В поселках золотоискателей люди крайне подозрительны. Любой непредвиденный и не сразу объяснимый поступок наводит на мысль о находке новой золотоносной жилы – будь то невиннейшая охота на оленя или ночная прогулка человека, захотевшего полюбоваться северным сиянием. И как только стало известно, что такая заметная личность, как Смок Беллью, выплатил старику Дуайту Сэндерсону двадцать пять тысяч долларов, Доусону нестерпимо захотелось узнать, за что именно заплачены эти деньги. Какое имущество, стоящее двадцать пять тысяч, могло быть припрятано у Дуайта Сэндерсона, умиравшего от голода на своем заброшенном участке. Не находя ответа, Доусон имел все основания заинтересоваться Смоком.
К полудню весь город уже знал, что множество доусонских жителей заготовило легкие походные тюки и припрятало их в различных салунах на Главной улице. Куда бы Смок ни шел, повсюду его провожали бесчисленные взоры. О том, как серьезно все к нему относятся, свидетельствовало то обстоятельство, что никто из многочисленных приятелей не позволил себе расспрашивать его о сделке с Дуайтом Сэндерсоном. С другой стороны, никто не упоминал и о яйцах. Таким же дружеским, деликатным вниманием был окружен и Малыш.
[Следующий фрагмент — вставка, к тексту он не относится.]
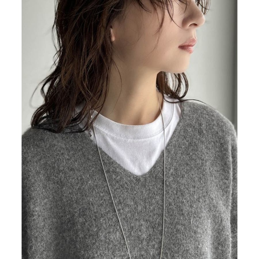 デコルテをきれいに見せるVネックで、大人のリラックススタイルにぴったりです。

– У меня такое чувство, точно я убил кого-нибудь или болен оспой. Они смотрят на меня во все глаза и боятся заговорить, – признался Малыш, случайно встретившись со Смоком у дверей «Элькгорна». – Взгляни-ка на Билла Солтмена… Вот он идет по той стороне улицы. Он прямо умирает от желания посмотреть на нас, а заставляет себя смотреть вниз. Поглядишь на него, так скажешь, будто он вовсе нас и не знает. А я вот готов держать пари на выпивку, что если мы с тобой завернем за угол и сделаем вид, что спешим куда-нибудь, а потом вынырнем из-за следующего угла, то мы столкнемся с ним нос к носу, – он побежит за нами, как помешанный.
Они проделали этот опыт и, выйдя из-за следующего угла, столкнулись с Солтменом, мчавшимся во весь опор.
– Алло, Билл, – приветствовал его Смок, – куда путь держите?
– Алло. Так себе – гуляю, – ответил Солтмен. – Погодка, знаете ли, чудесная.
– Ха-ха! – закатился Малыш. – Если вы это называете «гулять», то что же вы называете «бежать сломя голову»?
Когда Малыш в этот вечер кормил собак, он твердо знал, что из окружающей его тьмы дюжина глаз следит за каждым его движением. А когда он привязал собак, вместо того чтобы отпустить их на ночную прогулку, ему стало ясно, что он окончательно разжег любопытство Доусона.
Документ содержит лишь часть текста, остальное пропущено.